LAWRENCE — Controversy surrounding abortion is not new — this month is the 45th anniversary of the Supreme Court's Roe v. Wade decision that legalized abortion — but several states in recent years have taken a more novel approach to passing anti-abortion legislation, according to a University of Kansas researcher of public policy and gender and social equity.

States have enacted laws around "abortion regret," which focuses on the idea that abortion causes long-term health problems for women, said Alesha Doan, associate professor in the School of Public Affairs & Administration and Department of Women, Gender & Sexuality Studies. Scientific evidence has largely discredited the idea, but it remains an effective anti-abortion advocacy tool, Doan said, because regret narratives involve people discussing their own experiences, which are emotionally compelling stories that are persuasive to the listener.

Doan recently co-authored a study published in the journal Law & Policy with KU political science doctoral candidate Carolina Costa Candal and Steven Sylvester, a KU political science graduate who is currently an assistant professor at Utah Valley University. They wanted to examine how antiabortion activists' experiential knowledge factored into misinformation in the policy process.

The researchers interviewed 23 anti-abortion activists and found that the misinformation surrounding abortion regret as scientific fact has largely received validation through experiential knowledge. Activists have mobilized around narratives of abortion regret and used them as a source of generalizable evidence in the policymaking process, she said.

"Experiential knowledge is a different way of knowing something. It's learning through an experience that is credible and genuine to the individual even though it provides a limited perspective. However, that does not mean that one person's interpretation of an experience is true for everyone else who has had a similar experience," she said.

The anti-abortion movement has not entirely abandoned larger grassroots protesting at clinics, but activists in recent decades have tended to focus more on lobbying legislators to pass restrictions built on the discredited assertion that women who have had an abortion experience lifelong consequences and thus the state should intervene in their reproductive choices, Doan said.

Even though this idea of abortion regret had not received scientific validation, sharing anecdotal stories in some cases can be more effective than seeking to use statistics or scientific data, she said, which has likely created the opening for this tactic.

"It can be more meaningful.
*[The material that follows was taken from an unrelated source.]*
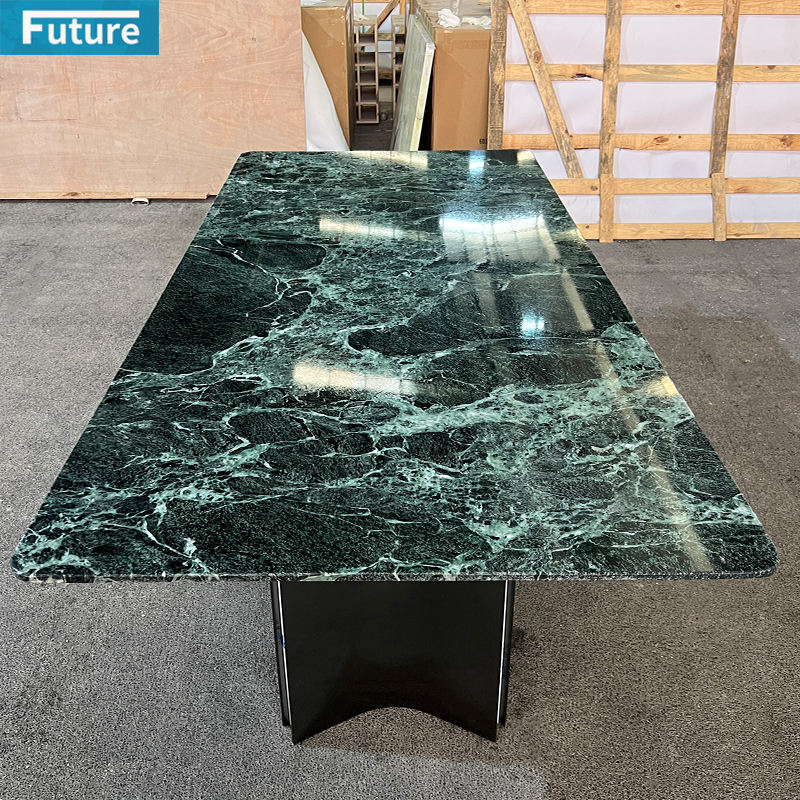 Rectangle Top Verde Green Marble Dining Table with Black Metal Leg for Villa Mansions Apartment Hotel Restaurant 6 Seater
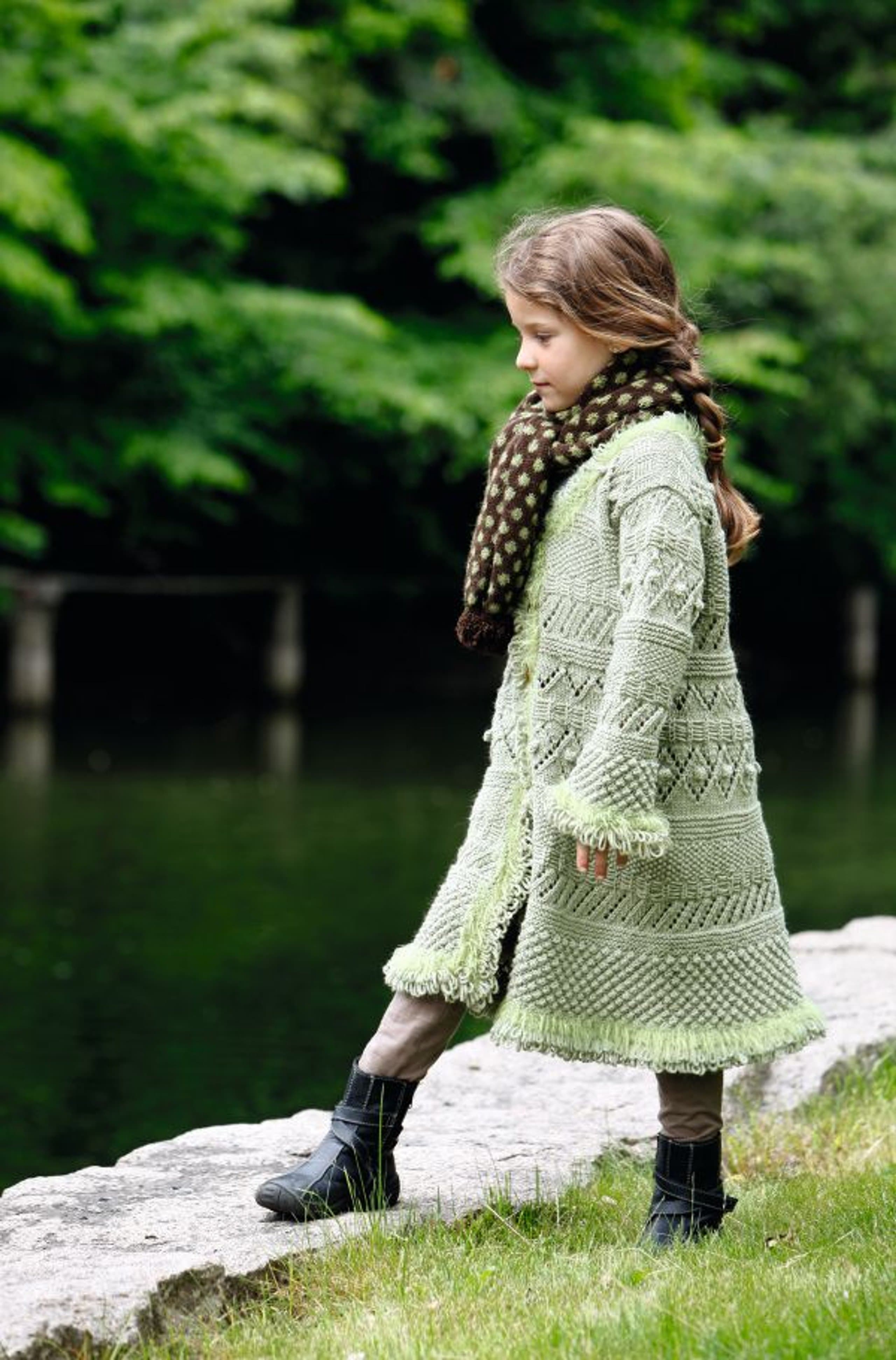 Genser med små blomsterborder og lue

It resonates with people, and it's emotionally compelling," Doan said.

She said the research is not meant to devalue experiential knowledge and what individual people have gone through. The activists they interviewed were genuine in their opinions and believed they were helping women by seeking to share their own personal experiences or those of someone they knew.

"I am not disrespectful of people's experiential knowledge," Doan said, " but it provides a limited view. Putting an anecdote in a larger context and conversation is important. Otherwise elected officials end up legislating based on anecdote opposed to science." 
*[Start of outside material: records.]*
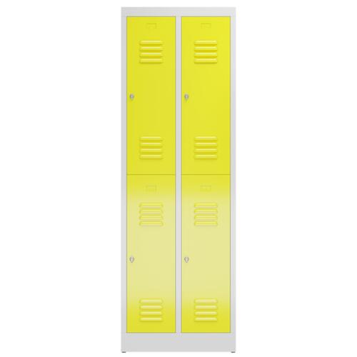 Je Abteil 1 Kleiderstange und 2 Doppelhaken pro Fach. Flügeltür mit Lüftungsschlitzen. Verschließbar mit Drehriegelverschluss für Vorhängeschloss. Jedes Abteil einzeln verschließbar. Der untergebaute Sockel sorgt dafür, dass das Gewicht des Schrankes gleichmäßig auf dem Boden verteilt wird. Dies erhöht die Stabilität und der Schrank kann schwerer Lasten aufnehmen, als ein Schrank mit Füßen. Außerdem können Schmutz, Staub und Feuchtigkeit nicht unter den Schrank gelangen, was die Reinigungsfläche verkleinert. Konstruktion aus Stahl, verschweißt. Korpus mit elektrostatischer Pulverbeschichtung in RAL7035 Lichtgrau, Front mit elektrostatischer Pulverbeschichtung in RAL1018 Zinkgelb.
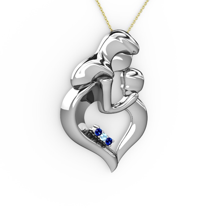 Lab safir ve akuamarin 14 ayar beyaz altın kolye (40 cm altın rolo zincir)
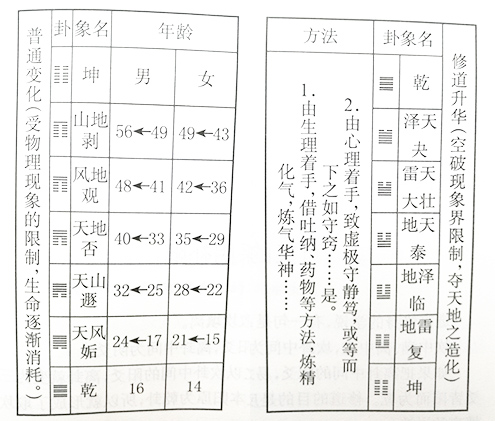乾卦是陽能,是生命的开始,乾卦的内卦是怀胎时期,外卦代表了出生后至十六岁(女十四岁)。从这个表上,我们可以看到,男子十六,女子十四以后,就进入后天的生命。
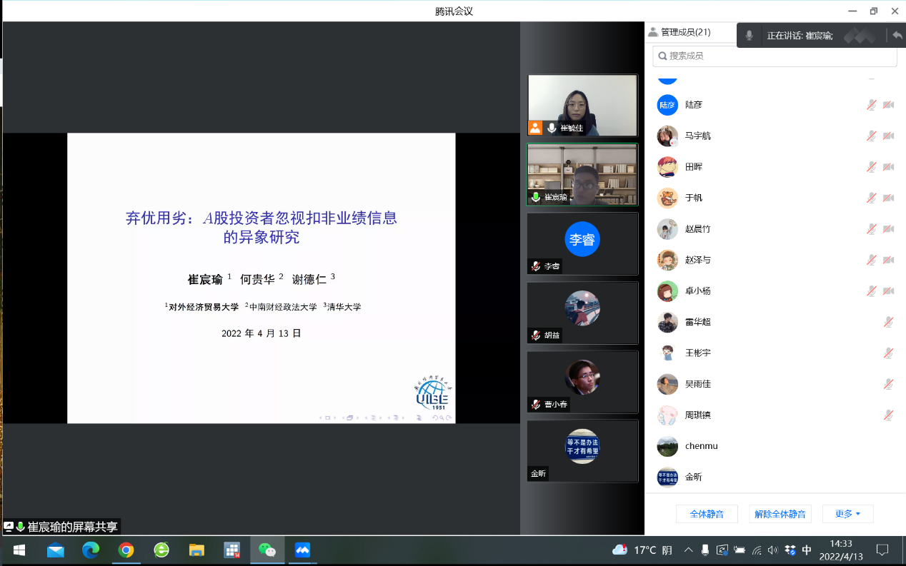 On April 13, 2022, [Mingli Lecture 2022 No. 20] was honored to invite Assistant Professor Cui Chenyu from the School of International Business, University of International Business and Economics to give a presentation entitled "Abandon the Good and Use the Bad: A-Share Investors Ignore Deductions for Non-Performance Information" The Visionary Study” report. Affected by the epidemic, this report will be held online. More than 20 teachers and students, including teachers and graduate students from the School of Management and Economics, participated in the report. The host is Assistant Professor Cui Yujia, Department of Accounting, School of Management and Economics.

The 2007 U.S. Supreme Court decision in Gonzales v. Carhart, which upheld the Partial-Birth Abortion Ban Act, gave credence to the abortion regret narrative, even though it was not based on scientifically credible information, and it created an opening for 17 states to pass future anti-abortion legislation surrounding it, Doan said.

Aside from the misinformation contained in many of these policies, Doan said the focus on abortion regret has added a new facet to the abortion debate.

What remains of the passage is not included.